Assume we have the following definition of mod:

x mod y = {       x,       if 0 <= x < y
            (x - y) mod y, if 0 <  y <= x
                  x,       if -y < x < 0
            (x + y) mod y, if x <= -y < 0
            -(-x mod -y)   if y < 0
          }

So our modulus works like this:

3 mod 5 = 3
6 mod 5 = 6-5 mod 5 = 1 mod 5 = 1
-3 mod 5 = -3
-6 mod 5 = -6+5 mod 5 = -1 mod 5 = -1
-6 mod -5 = -(6 mod 5) = -1
6 mod -5 = -(-6 mod 5) = -(-1) = 1

Our language is L = {(n_a(w) - n_b(w)) mod 3 > 0}

Let's define A := n_a(w) and B := n_b(w). So we need to solve (A - B) mod 3 > 0 using our definition of mod. We have five cases:

1. if 0 <= A - B < 3, meaning B <= A < B + 3, then (A - B) mod 3 = A - B. By hypothesis it is at least zero, and can only be zero then if A = B. We can confirm that when A = B we are always in case #1 and we always have (A - B) mod 3 > 0 false, so we can throw that possibility out.
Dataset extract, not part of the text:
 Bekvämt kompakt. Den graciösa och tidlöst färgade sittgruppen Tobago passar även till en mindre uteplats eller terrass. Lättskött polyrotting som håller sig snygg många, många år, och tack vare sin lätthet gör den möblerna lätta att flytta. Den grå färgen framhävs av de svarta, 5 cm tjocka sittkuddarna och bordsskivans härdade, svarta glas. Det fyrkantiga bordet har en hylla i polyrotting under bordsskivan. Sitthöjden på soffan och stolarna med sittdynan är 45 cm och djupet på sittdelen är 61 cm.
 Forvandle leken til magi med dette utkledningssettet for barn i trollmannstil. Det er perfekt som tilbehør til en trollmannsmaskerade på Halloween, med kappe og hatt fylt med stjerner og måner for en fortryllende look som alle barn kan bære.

2. if 0 < 3 <= A - B, meaning B < 3 + B <= A or simply A >= 3 + B, then (A - B) mod 3 = (A - B - 3) mod 3. By the hypothesis, A - B - 3 >= 3 + B - B - 3 >= 0, so we are still in either case 1 or 2. If we remain in case 2, we can repeat this until we eventually reach case 1, and we will see that we cannot have A - B - 3k = 0; that is, it cannot be that A = B + 3k for any positive k.

3. if -3 < A - B < 0, or B - 3 < A < B, then (A - B) mod 3 = A - B. By the hypothesis it is less than zero, and so we must throw out all of these possibilities.
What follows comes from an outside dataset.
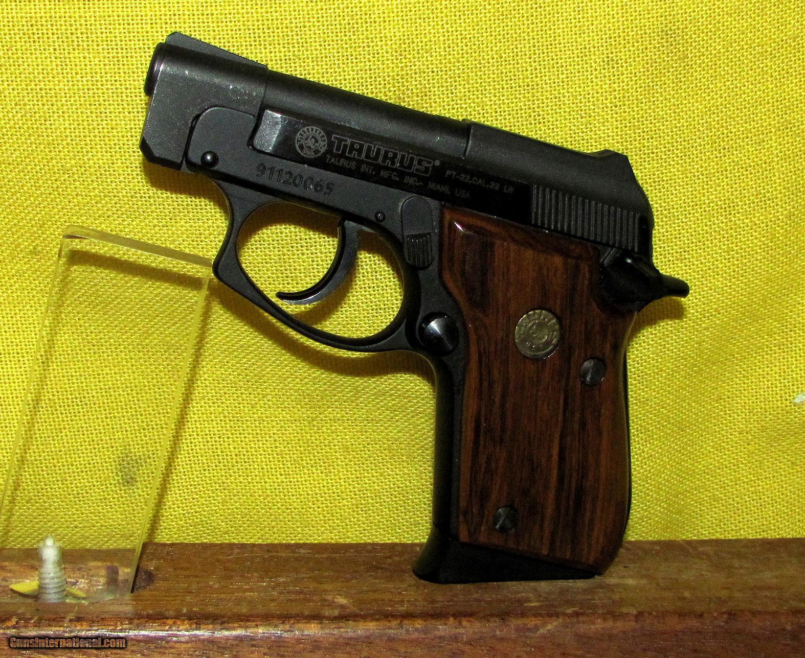 Description: TAURUS model PT-22 (TIP UP) in .22 CAL., with 2 3/4" barrel. Color BLUE. TAURUS MODEL PT-22 TIP UP, BORE AND GRIPS ARE EXCELLENT, COMES WITH ONE FACTORY MAGAZINE, MANUAL WITH NO BOX, LIKE NEW CONDITION. OUR NEW STOCK # D31665 Condition LIKE NEW. Serial number 91120065. SOLD |

4. if A - B <= -3 < 0, meaning A <= B - 3 < B or simply A <= B - 3 then (A - B) mod 3 = (A - B + 3) mod 3. By the hypothesis, A - B + 3 <= B - 3 - B + 3 = 0, so we are still in either case 3 or 4. If we remain in case 4, we can repeat this until we eventually reach case 3, and we will see nothing remains.
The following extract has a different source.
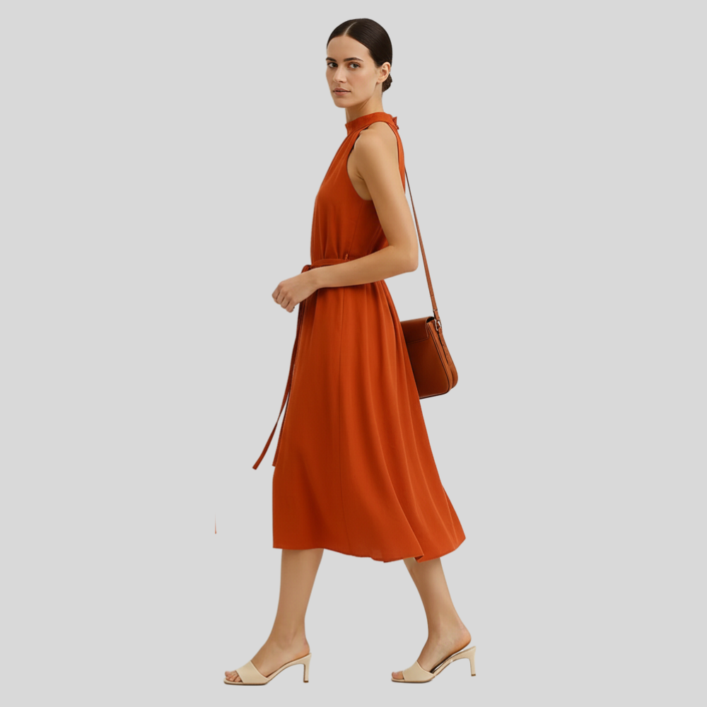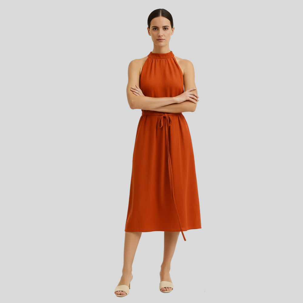 Perfect style paired with comfort-a beautiful orange orange-colored dress and halter neck to give one that sophisticated appeal. The halter neck designs make it attractive along with the flared pleated details, as well as giving room for self-adjustment since it has a drawstring at the waist to create a comfort fit.

5. We cannot be in this case since 3 > 0.

We had to throw out the following strings from our language:

• A = B
• A = B + 3k
• A < B.

So we keep only strings with more a's than b's where A - B is not divisible by 3. Suppose this language were regular. Consider the string (b^p)(a^(p+1)) in the language. By the pumping lemma, we should be able to pump the number of bs; but then we could get more bs than as. So the language cannot be regular.

If we take what is maybe a more usual definition for x mod y (not more correct, necessarily):

x mod y = {        x       , if 0 <= x < y
                (x - y)    , if 0 < y <= x
            (x + y) mod y  , if -y < x < 0
            -(-x mod -y)   , if y < 0
          }

By this definition:

1. in case 1, we throw out A = B
2. in case 2, we throw out A = B + 3k
3. in case 3, we throw out A = B - 3k
4. since 3 > 0, case 4 doesn't apply

Now we have only thrown out the cases where A mod B = 0 (mod 3). This language is regular and has DFA:

    +------------a-------------+
    |                          |
    |  +---b----+  +---b----+  |
    |  |        |  |        |  |
    V  V        |  V        |  |
    (q0)---a--->(q1)---a--->(q2)
--->(q0)
    (q0)---b--->(q3)---b--->(q4)
    ^  ^        |  ^        |  |
    |  |        |  |        |  |
    |  +---a----+  +---a----+  |
    |                          |
    +------------b-------------+